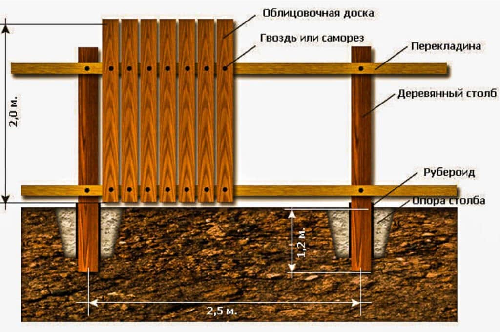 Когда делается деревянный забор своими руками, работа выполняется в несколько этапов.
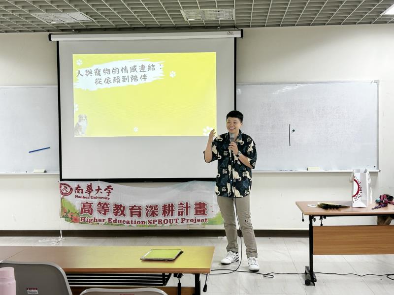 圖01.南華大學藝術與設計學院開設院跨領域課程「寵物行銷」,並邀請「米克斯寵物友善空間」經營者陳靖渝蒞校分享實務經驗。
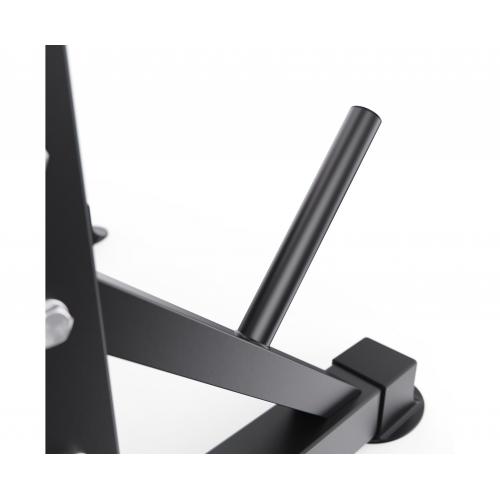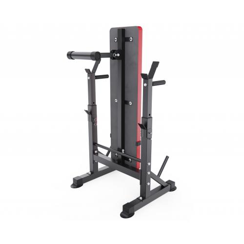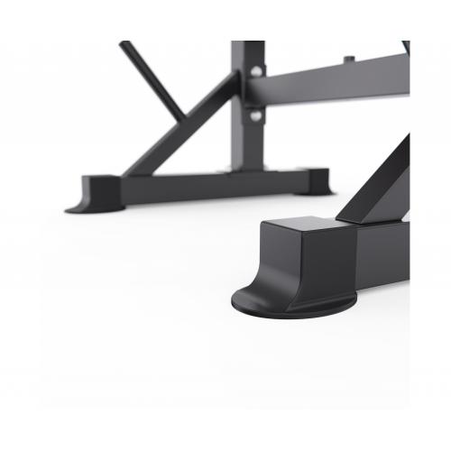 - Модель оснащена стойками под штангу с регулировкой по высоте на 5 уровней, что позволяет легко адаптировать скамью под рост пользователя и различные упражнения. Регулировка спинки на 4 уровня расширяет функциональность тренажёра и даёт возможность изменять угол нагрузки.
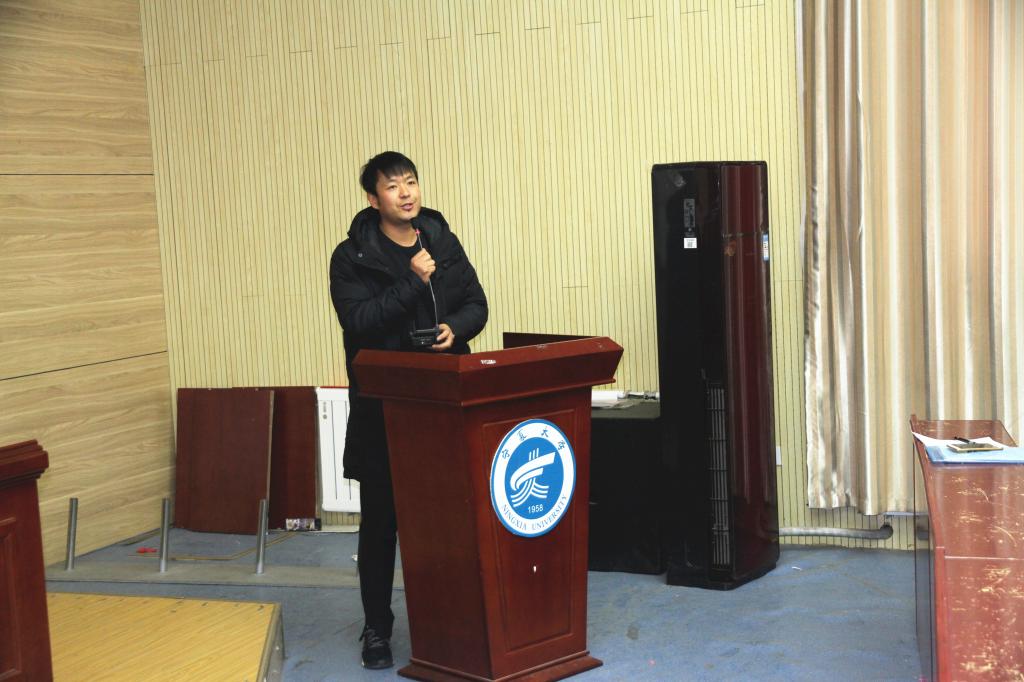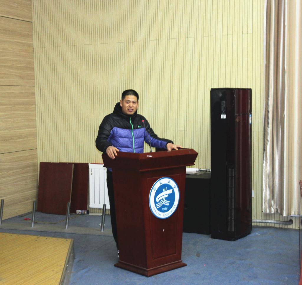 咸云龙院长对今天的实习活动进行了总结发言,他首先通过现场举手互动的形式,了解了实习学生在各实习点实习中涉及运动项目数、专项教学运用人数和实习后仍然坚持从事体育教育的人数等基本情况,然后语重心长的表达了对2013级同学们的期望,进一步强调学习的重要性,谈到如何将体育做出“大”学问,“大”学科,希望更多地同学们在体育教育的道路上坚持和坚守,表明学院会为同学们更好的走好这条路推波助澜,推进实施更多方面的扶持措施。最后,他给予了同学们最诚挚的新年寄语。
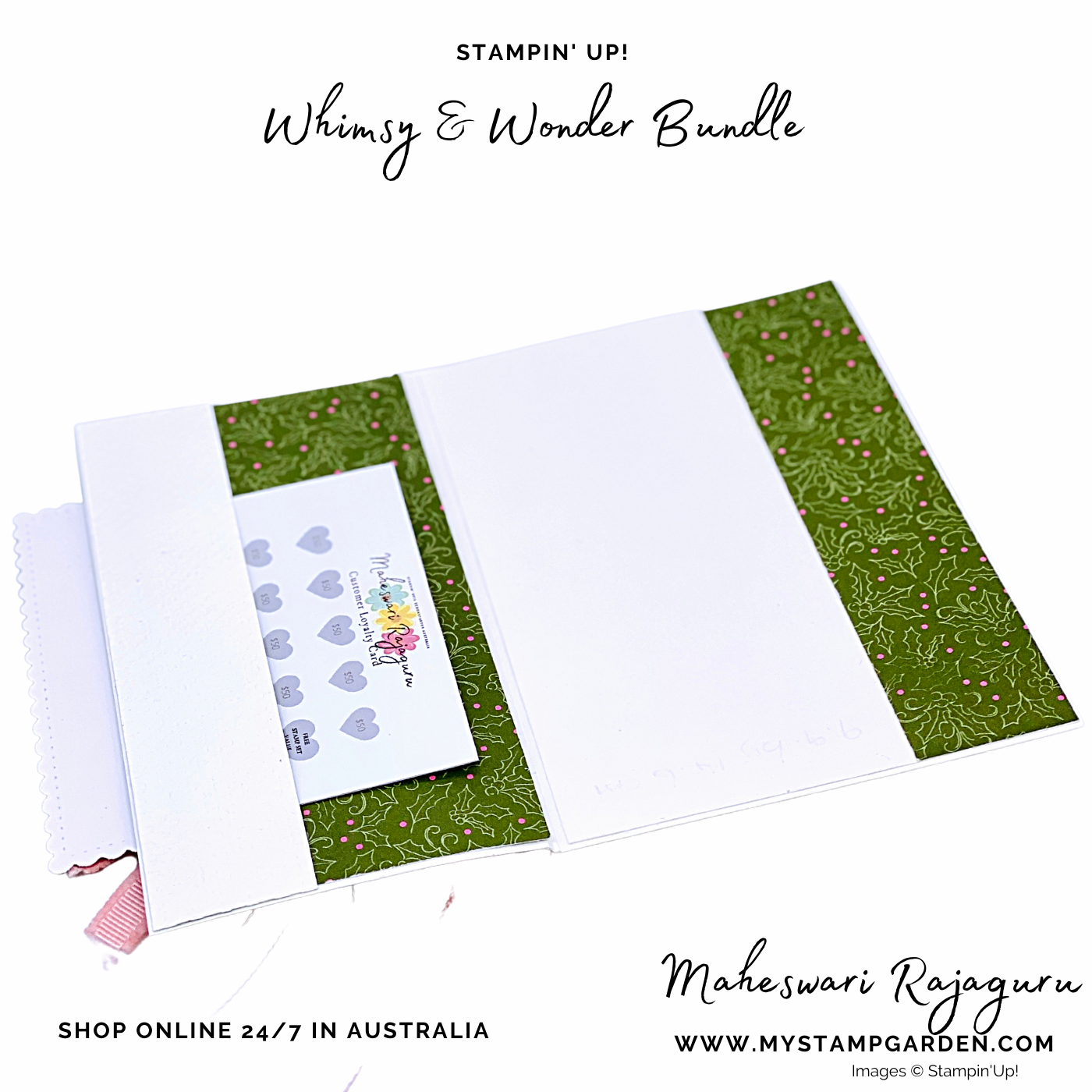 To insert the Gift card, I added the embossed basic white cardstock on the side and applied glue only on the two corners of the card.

### Task brief
Word-for-word output of every record is needed, with images omitted.

### Task answer
 Когда делается деревянный забор своими руками, работа выполняется в несколько этапов.
 圖01.南華大學藝術與設計學院開設院跨領域課程「寵物行銷」,並邀請「米克斯寵物友善空間」經營者陳靖渝蒞校分享實務經驗。
 - Модель оснащена стойками под штангу с регулировкой по высоте на 5 уровней, что позволяет легко адаптировать скамью под рост пользователя и различные упражнения. Регулировка спинки на 4 уровня расширяет функциональность тренажёра и даёт возможность изменять угол нагрузки.
 咸云龙院长对今天的实习活动进行了总结发言,他首先通过现场举手互动的形式,了解了实习学生在各实习点实习中涉及运动项目数、专项教学运用人数和实习后仍然坚持从事体育教育的人数等基本情况,然后语重心长的表达了对2013级同学们的期望,进一步强调学习的重要性,谈到如何将体育做出“大”学问,“大”学科,希望更多地同学们在体育教育的道路上坚持和坚守,表明学院会为同学们更好的走好这条路推波助澜,推进实施更多方面的扶持措施。最后,他给予了同学们最诚挚的新年寄语。
 To insert the Gift card, I added the embossed basic white cardstock on the side and applied glue only on the two corners of the card.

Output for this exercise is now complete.